Extracted records:
▬▬▬

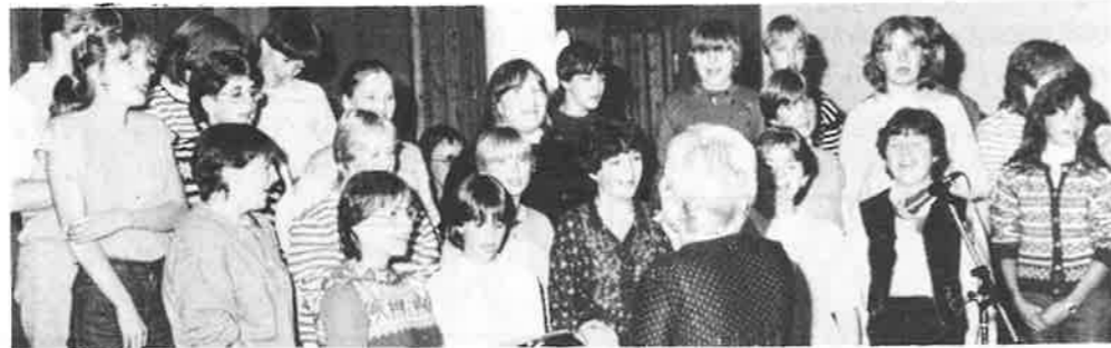
På kyrkjelydsfesten i kantina på Dalefabrikker 2.oktober song Ten Sing .
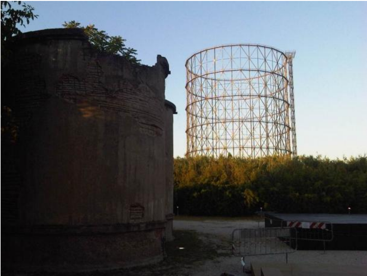
Spazi esterni del Teatro India

Mentre questo articolo viene redatto alcuni dei progetti sono già noti.
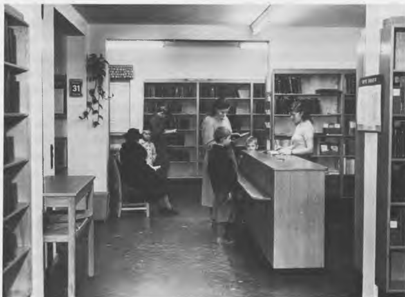
Det nye bibliotek i Filosofvænget 1951, endnu med god plads på hylderne. Axel Rom fot.

lånte bøger, og her havde kontoreleven sin plads. Til studentermedhjælperen var der en høj taburet, når hun trængte til at sidde. Bogopsætter havde man ikke, bogvogn selvfølgelig heller ikke, der var ikke plads til den. Den der for øjeblikket havde tid, greb en stak bøger og satte dem på plads. Og plads på hylderne var der nok af med de store udlån. Der var et fantastisk godt forhold både mellem personalet indbyrdes og til lånerne.
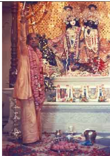
Primeiro arati a Sri Sri Krishna-Balarama no dia da inauguração do templo.
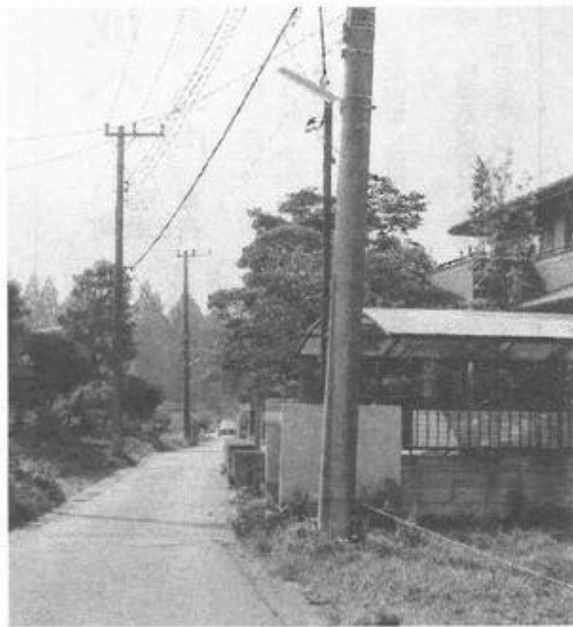
三吉野場末地区内、街路灯2か所リニューアルに6月

▬▬▬

▶ _INSTRUCTIONS TO FOLLOW_
Once the pictures are set aside, write out each record exactly.

▶ _TASK RESULT_
På kyrkjelydsfesten i kantina på Dalefabrikker 2.oktober song Ten Sing .
Spazi esterni del Teatro India

Mentre questo articolo viene redatto alcuni dei progetti sono già noti.
Det nye bibliotek i Filosofvænget 1951, endnu med god plads på hylderne. Axel Rom fot.

lånte bøger, og her havde kontoreleven sin plads. Til studentermedhjælperen var der en høj taburet, når hun trængte til at sidde. Bogopsætter havde man ikke, bogvogn selvfølgelig heller ikke, der var ikke plads til den. Den der for øjeblikket havde tid, greb en stak bøger og satte dem på plads. Og plads på hylderne var der nok af med de store udlån. Der var et fantastisk godt forhold både mellem personalet indbyrdes og til lånerne.
Primeiro arati a Sri Sri Krishna-Balarama no dia da inauguração do templo.
三吉野場末地区内、街路灯2か所リニューアルに6月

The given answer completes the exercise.